Post
Topic
Board Mining speculation
Re: Mining in 20 years time
by
jaysabi
on 01/10/2016, 13:12:05 UTC
99.21875% will be mined in 20 years time. If electricity isn't very cheap by then and/or if bitcoin isn't worth hundreds of thousands of dollars, it's hard to imagine anybody wanting to mine then. How will transactions then be verified?

I think there is always a solution. Does bitcoin community has developers with ability to change code and submit new feautres? If yes, that's a number one resolution. Otherwise i heard switching to POS(Proof-of-Stake) system will give node runners a reward for approving transactions.

The solution has been there right from the start, and there is no need to change anything in the code just because the cap of 21M coins will be hit one day. Mining will not stop due to no more coins to be mined. Miners will profit from transaction fees, and they are already profiting from them right now (up to a few percentages of mining reward)...

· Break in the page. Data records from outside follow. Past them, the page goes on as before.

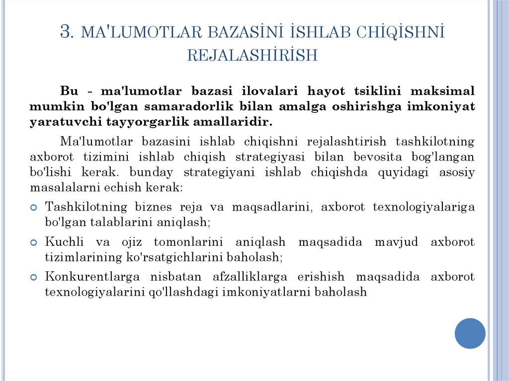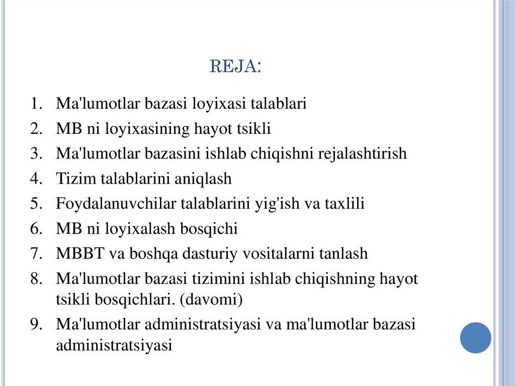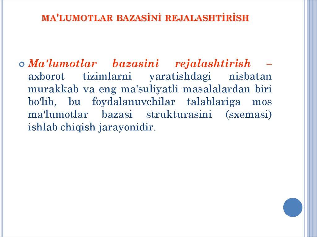 MA'LUMOTLAR BAZASİNİ REJALASHTİRİSHMa'lumotlar
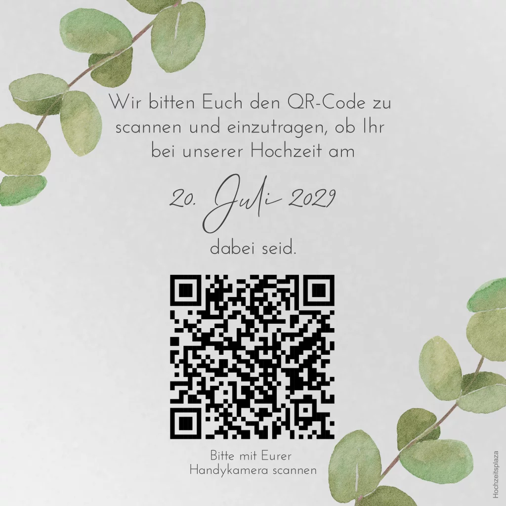 Quadratisches Einlegeblatt als Antwortkarte zur Hochzeitseinladung. Das transparente Blatt mit QR-Code und Eukalyptus ist ein tolle Idee, um schnell und einfach zu erfahren wie viele Gäste bei Eurer Hochzeitsfeier dabei sind.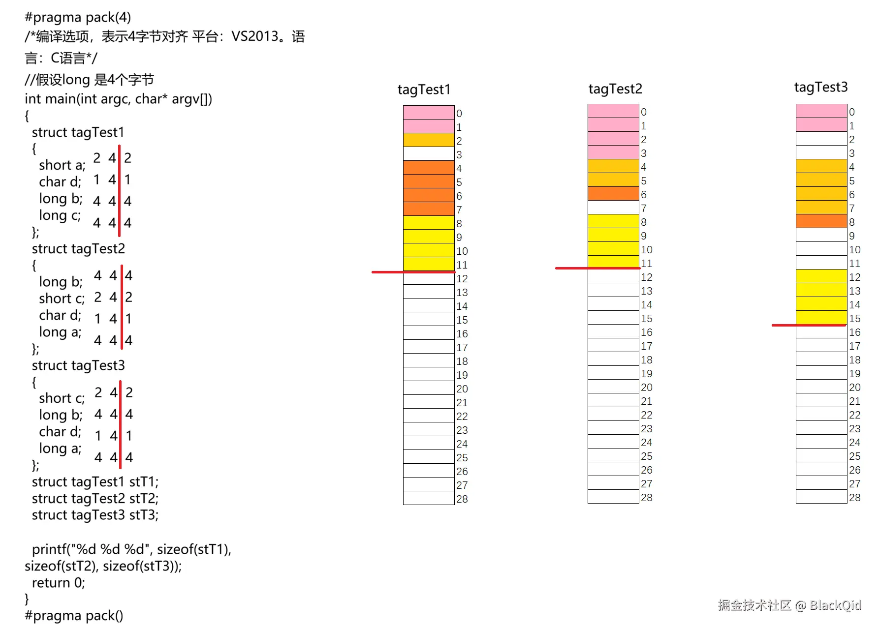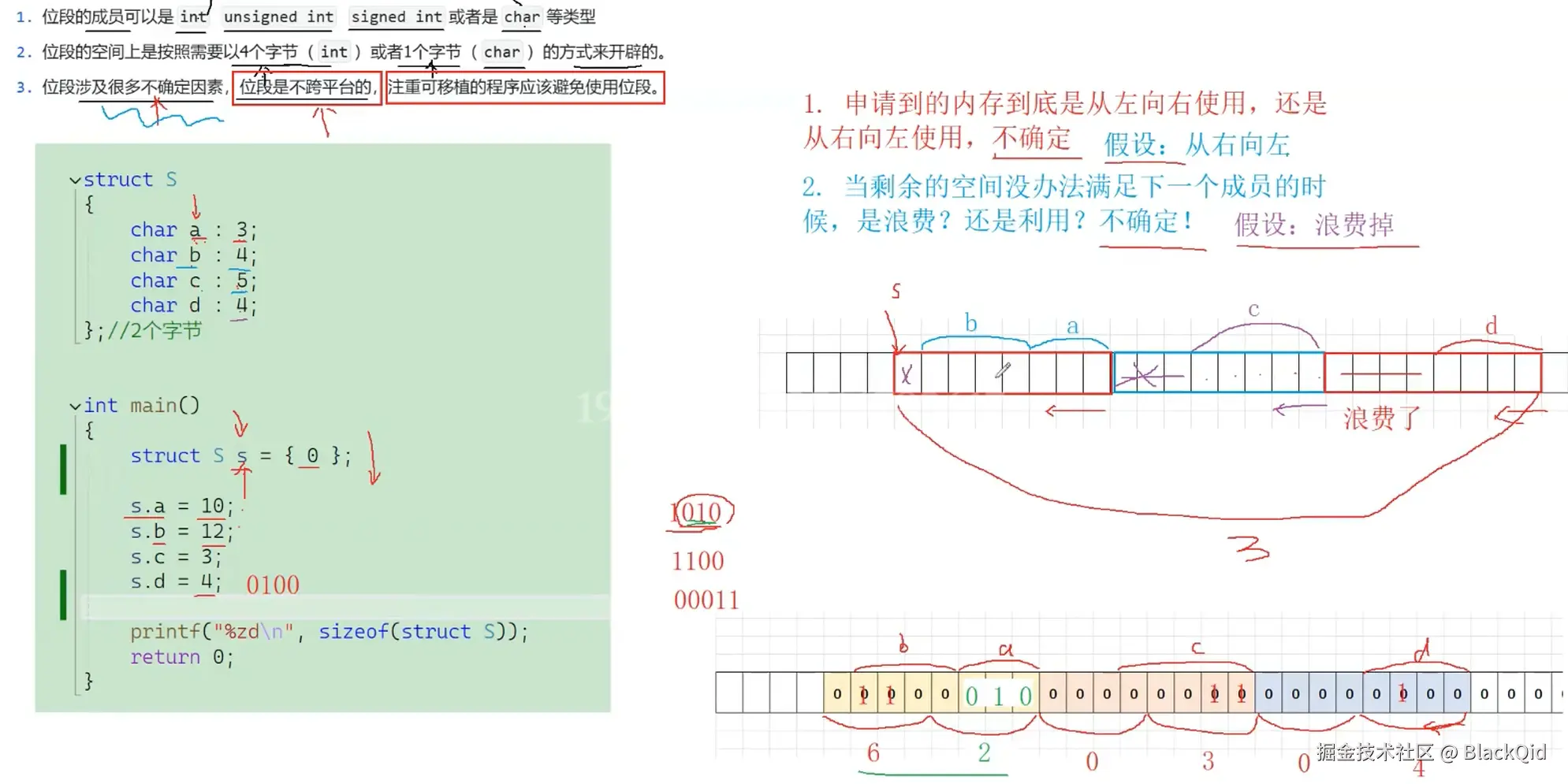 int)或者1个字节(char)的方式来开辟的。 - 位段涉及很多不确定因素,位段是不跨平台的,注重可移植的程序应该避免使用位段。
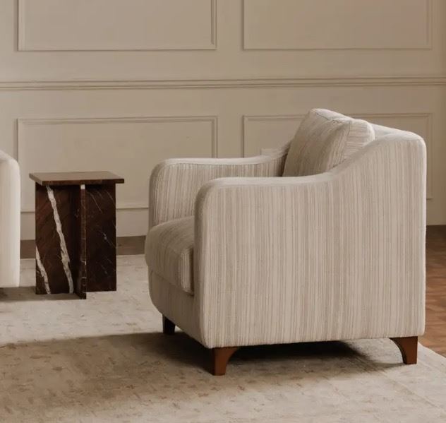 BNIB Moe's - Hewitt Accent Chair Beige Stripe - 32 x 32 x 31.5 - Retail Price: $1,249.00 - OA-1062-34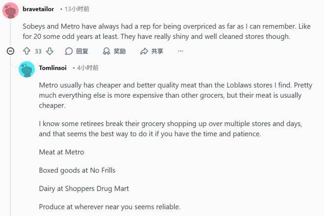 • 一店买全最贵,分开买最省:不少退休老人在同一周分几天跑不同超市,比如肉类去 Metro,干货 No Frills,奶制品在 Shoppers Drug Mart,蔬果哪里新鲜去哪家。
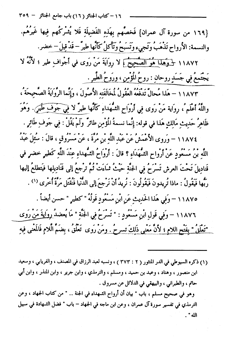 11872 - وَهَذَا هُوَ الصَّحِيحُ لَا رِوَايَةَ مَنْ رَوَى فِي أَجْوَافِ طَيْرٍ لِأَنَّهُ لَا يَجْتَمِعُ فِي جَسَدٍ رُوحَانِ رُوحُ الْمُؤْمِنِ وَرُوحُ الطَّيْرِ.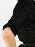 Элегантная блузка из полупрозрачной ткани с цветочным узором. Рукав 3/4, с хлястиком. Отложной воротник. Планка-застежка на пуговицах. Два передних нагрудных кармана, застегиваются на пуговицу. В дополнение к изделию идет неширокий поясок.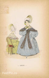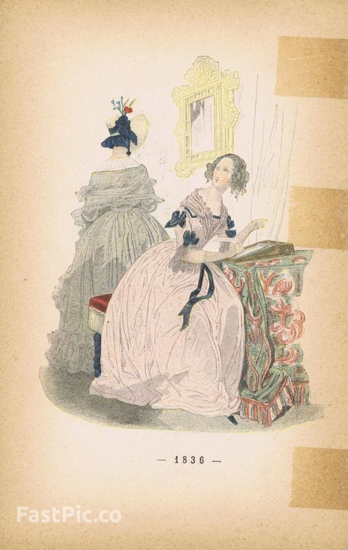 Гравюра. Женская (дамская) мода 1835-1836 гг. Домашние платья и костюмы для прогулок. Двухсторонняя хромогравюра. Франция, Париж, 1896 год
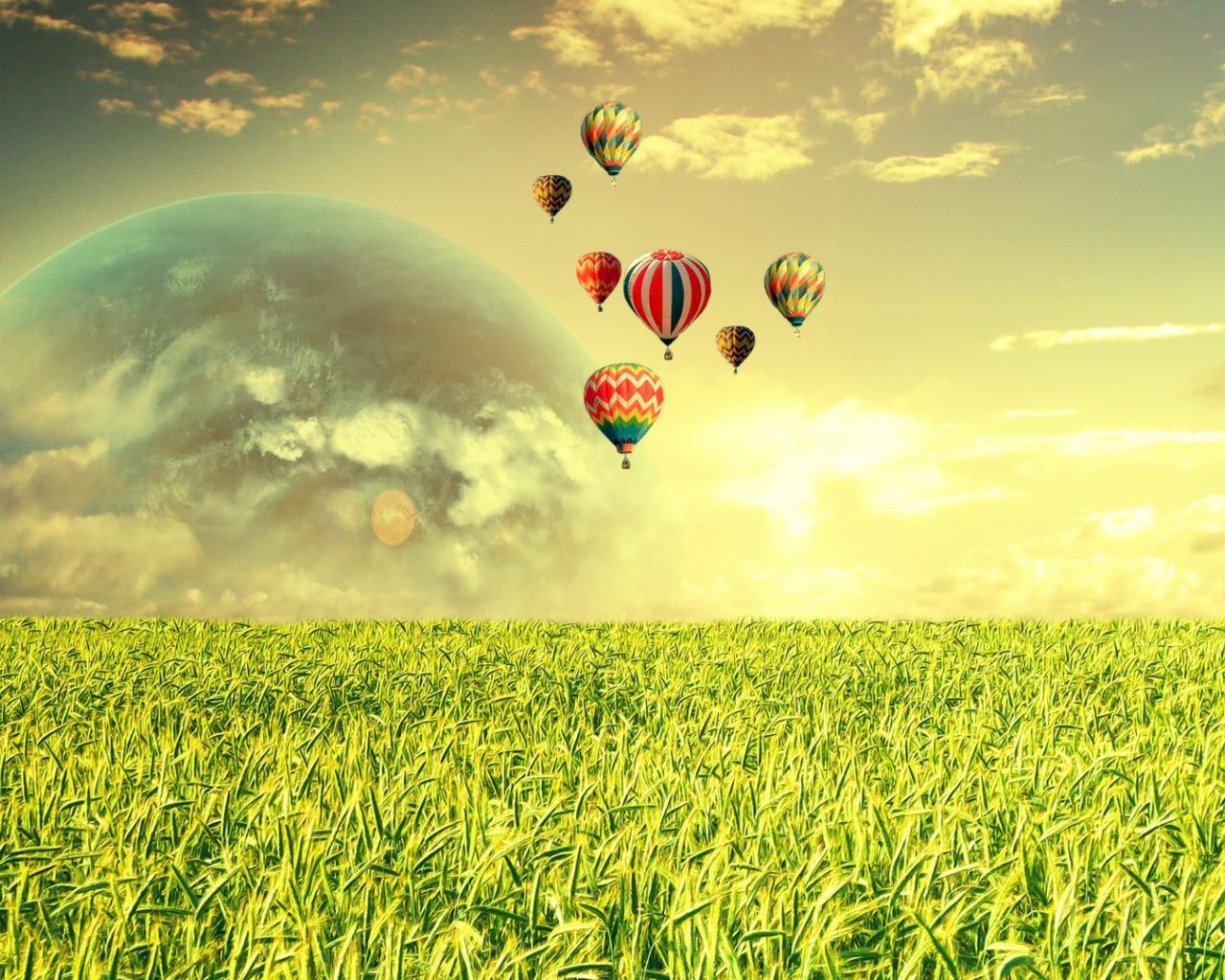 Wallpaper Balloons above the field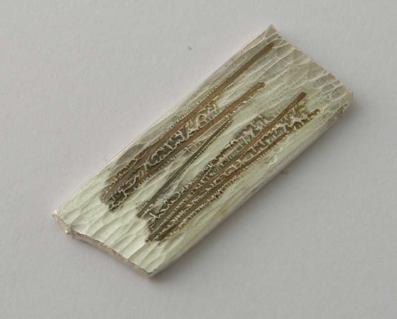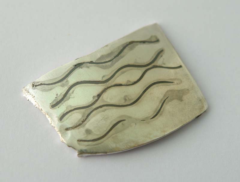 Brass wire, soldered to fine silver, forged & filed flat, then etched in ferric chloride. That leaves a pinkish silver chloride on the surface of the silver The chlorine is driven off by gentle heating, but the black survives.
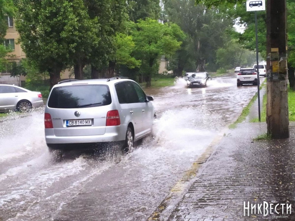 В Николаеве утром 17 июня продолжилась непогода в виде проливного дождя, из-за этого подтопленными оказались несколько улиц, в том числе и в центре города.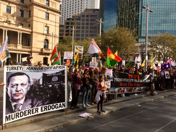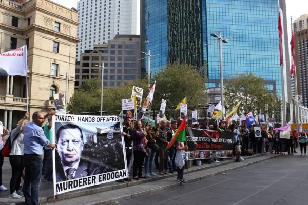 نظَم الكردستانيون وأصدقائهم من مناصري قضية الشعب الكردي وقفة في مدينة سيدني بأستراليا للتنديد بالاحتلال التركي لعفرين وسياسات الإبادة التي ينتهجها ضد أهالي عفرين.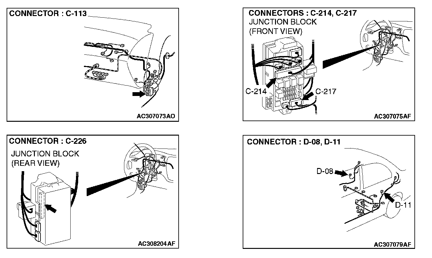 STEP 11. Check the wiring harness between rear door switch (RH) connector D-08 (terminal 2) and ETACS-ECU connector C-226 (terminal 7).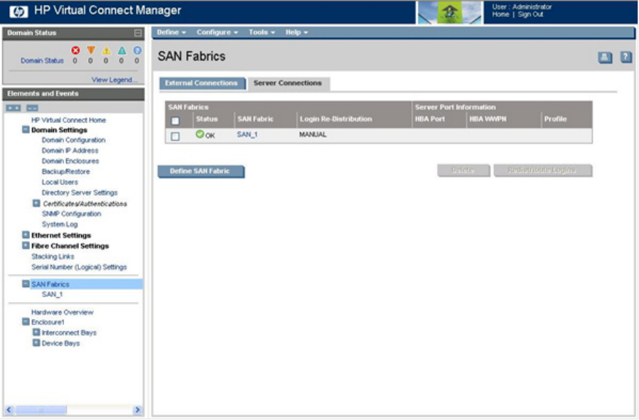 To redistribute logins on a SAN fabric, click Redistribute Logins.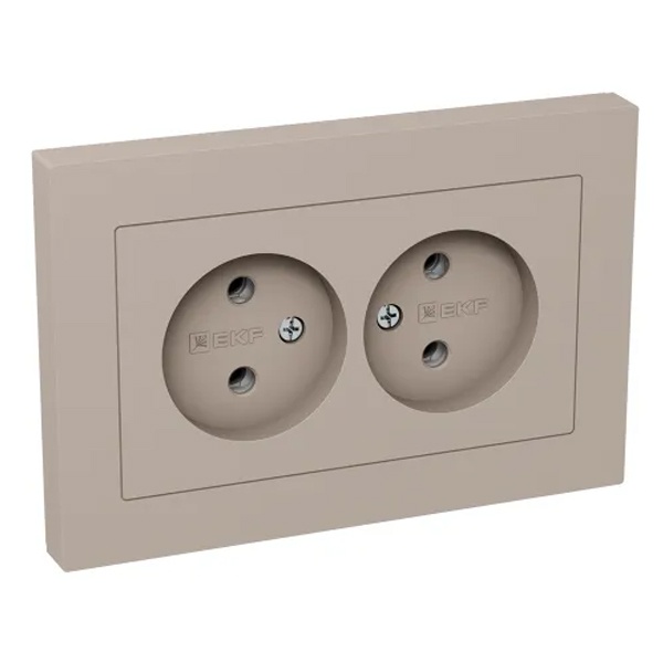 Электрическая двухместная двухполюсная розетка скрытой установки в одну монтажную коробку цвет кремовый, винтовое подключение ЕКФ Эпика UP1-SOI-200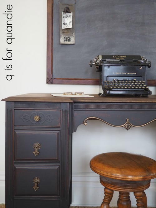 This.is.gorgeous. Love the accents and especially the little stool. The chalkboard over the desk is perfect. Another great Q piece is presented, and, as usual, I’m trying to figure out a home for it here. Lol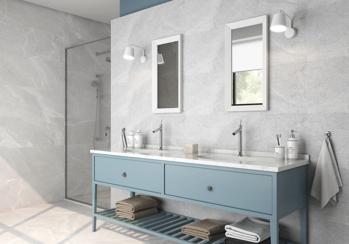 Odkryj na nowo piękno kamienia, dzięki płytkom ceramicznym Babilon Silver 60x120 od marki Ceramica Limone. Ich wygląd łączy w sobie urok skalnych tafli o jasnym, szarym wybarwieniu z nowoczesną powierzchnią wykończoną w półpolerze. To dzięki niej płytki prezentują się gustownie i wyraziście, zachwycając zarówno za dnia, w pełnym słońcu, jak i po zmroku, oświetlone subtelną poświatą. Zobacz ich wyjątkowe szczegóły w naszej aranżacji łazienki z niebieskimi płytkami, w której uzupełniliśmy je drewnem i dekoracyjnymi kafelkami.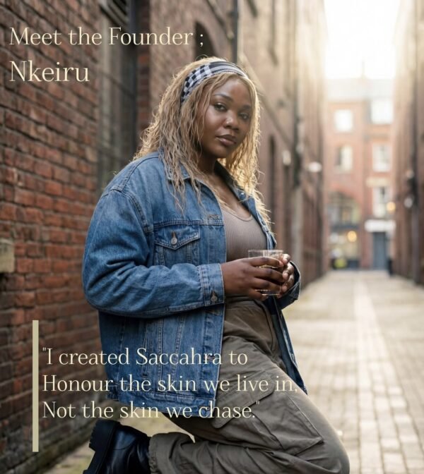 Nkeiru has said that she created Saccahra because she wanted skincare that felt personal. “Not just clean or luxurious, but emotionally intelligent. I needed products that understood the quiet parts: dry skin that tells a story, packaging that feels like care, formulas that don’t just perform but comfort.” She is involved in every detail- from the ingredients to the way the order arrives. It is a brand built by hand, by heart, and by someone who believes that skincare should feel like it sees you.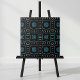 Padrão geométrico decorativo sem costura, com formas geométricas em branco e lacrimejo sobre fundo preto.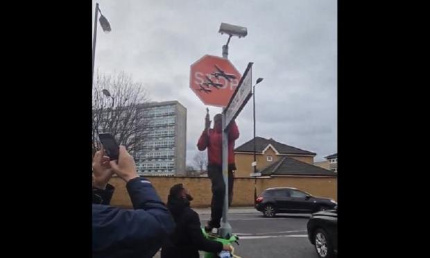 Ωστόσο σε βίντεο που κοινοποιήθηκε στα μέσα κοινωνικής δικτύωσης, έχουν καταγραφεί δύο άνδρες να κατεβάζουν την πινακίδα στη διασταύρωση Southampton Way και Commercial Way στο Peckham περίπου στις 12.30 μ.μ.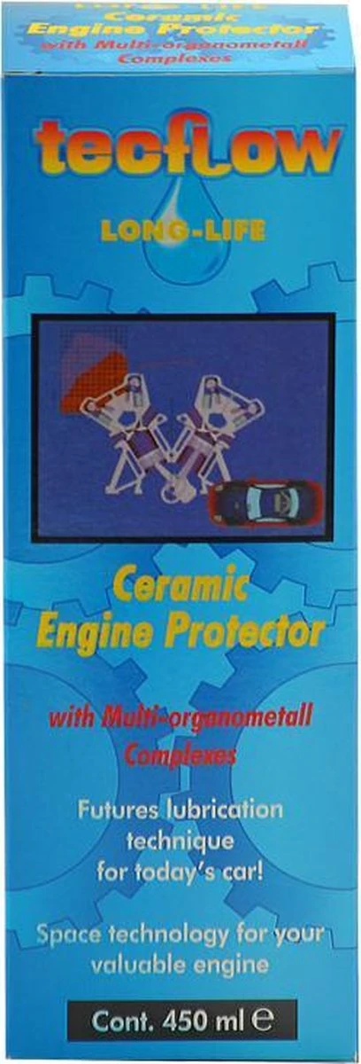 Tecflow Ceramic Engine Protector dient toegevoegd te worden aan de op bedrijfstemperatuur zijnde motorolie. De multi-organometaalcomplexen in combinatie met de keramische materialen hecht zich onmiddellijk aan de meest kritische (slijtage onderhevige) delen van de motor. Hierdoor ontstaat niet alleen een smeerfilm met “long-life” eigenschappen maar tevens een snelle warmteoverdracht. Daarnaast voorkomt Tecflow C.E.P verglazing van de cilinders met als gevolg een betere afdichting van de zuigers in de cilinders, een optimale verbranding, waardoor toename van het motorvermogen en afname van de uitstoot van schadelijke uitlaatgassen.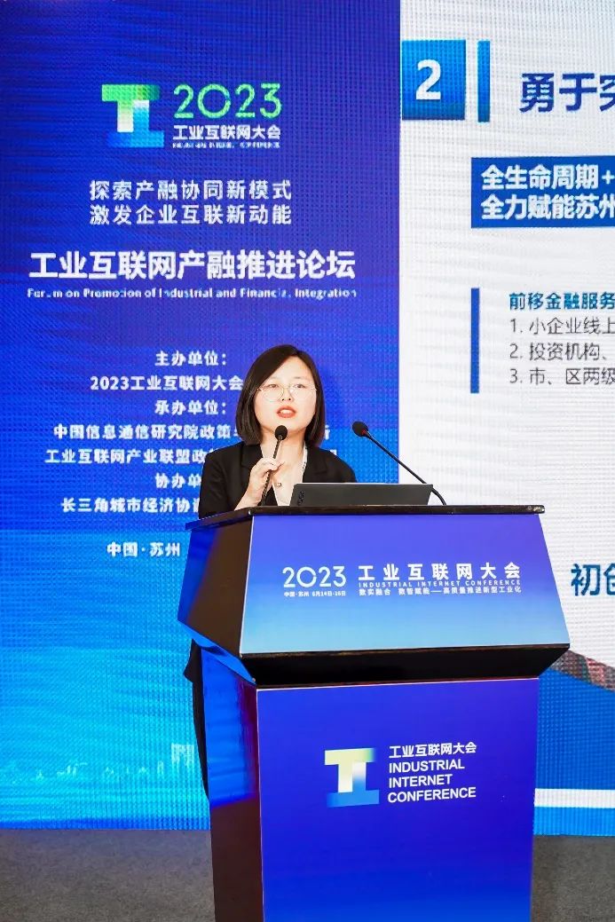 2023年6月14日,工業(yè)互聯(lián)網(wǎng)產(chǎn)融推進(jìn)分論壇在江蘇蘇州舉辦。本次論壇以“探索產(chǎn)融協(xié)同新模式 激發(fā)企業(yè)互聯(lián)新動(dòng)能”為主題,是2023工業(yè)互聯(lián)網(wǎng)大會(huì)的重要板塊。論壇由中國(guó)信息通信研究院、工業(yè)互聯(lián)網(wǎng)產(chǎn)業(yè)聯(lián)盟聯(lián)合承辦,長(zhǎng)三角城市經(jīng)濟(jì)協(xié)調(diào)會(huì)物聯(lián)網(wǎng)專委會(huì)、產(chǎn)融合作生態(tài)聯(lián)合創(chuàng)新計(jì)劃協(xié)辦。來自地方政府、高校院所、金融機(jī)構(gòu)和企業(yè)的專家學(xué)者參加了本次論壇。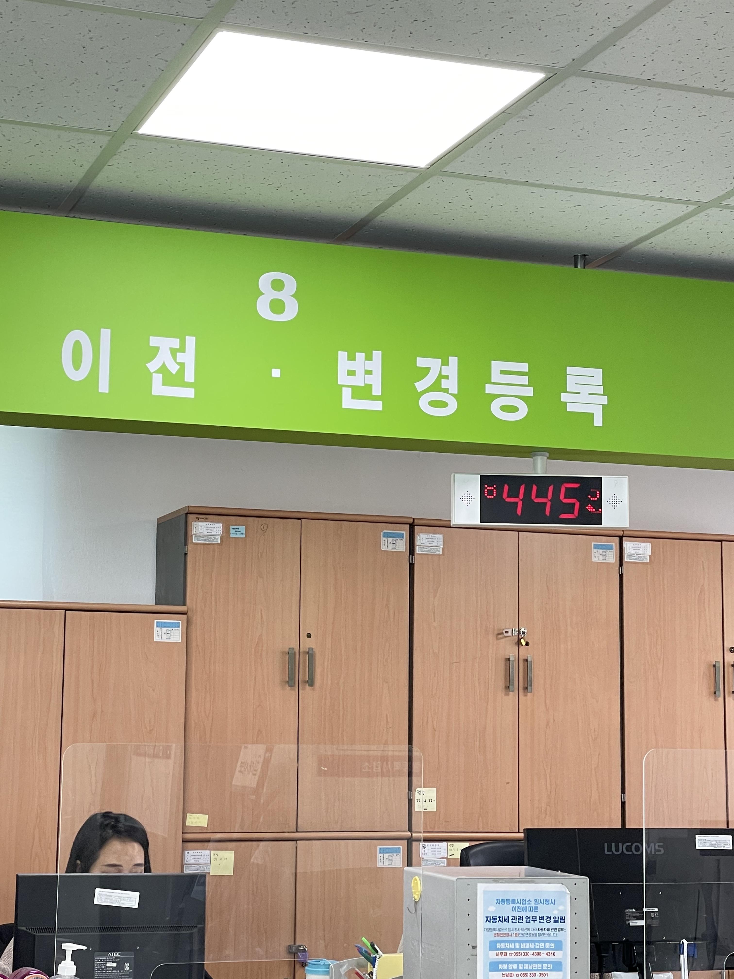 2. 번호표를 뽑고 이전, 변경등록이 있는 8번 창구로 갑니다.

In short, this problem is essentially nonexistent

I still see a potential problem in that in order for miners to be kept interested, mining fees will have to rise significantly to offset the loss of new coin generation rewards they currently earn, and at the point where fees are significant enough to keep the network properly decentralized, will using bitcoin in any capacity be cost-competitive? Micro-transactions are something that bitcoin has a huge advantage over the traditional banking system, but it seems to me micro-transactions will become impossible in the future with the rise in mining fees that will accompany the loss of new coin generation rewards.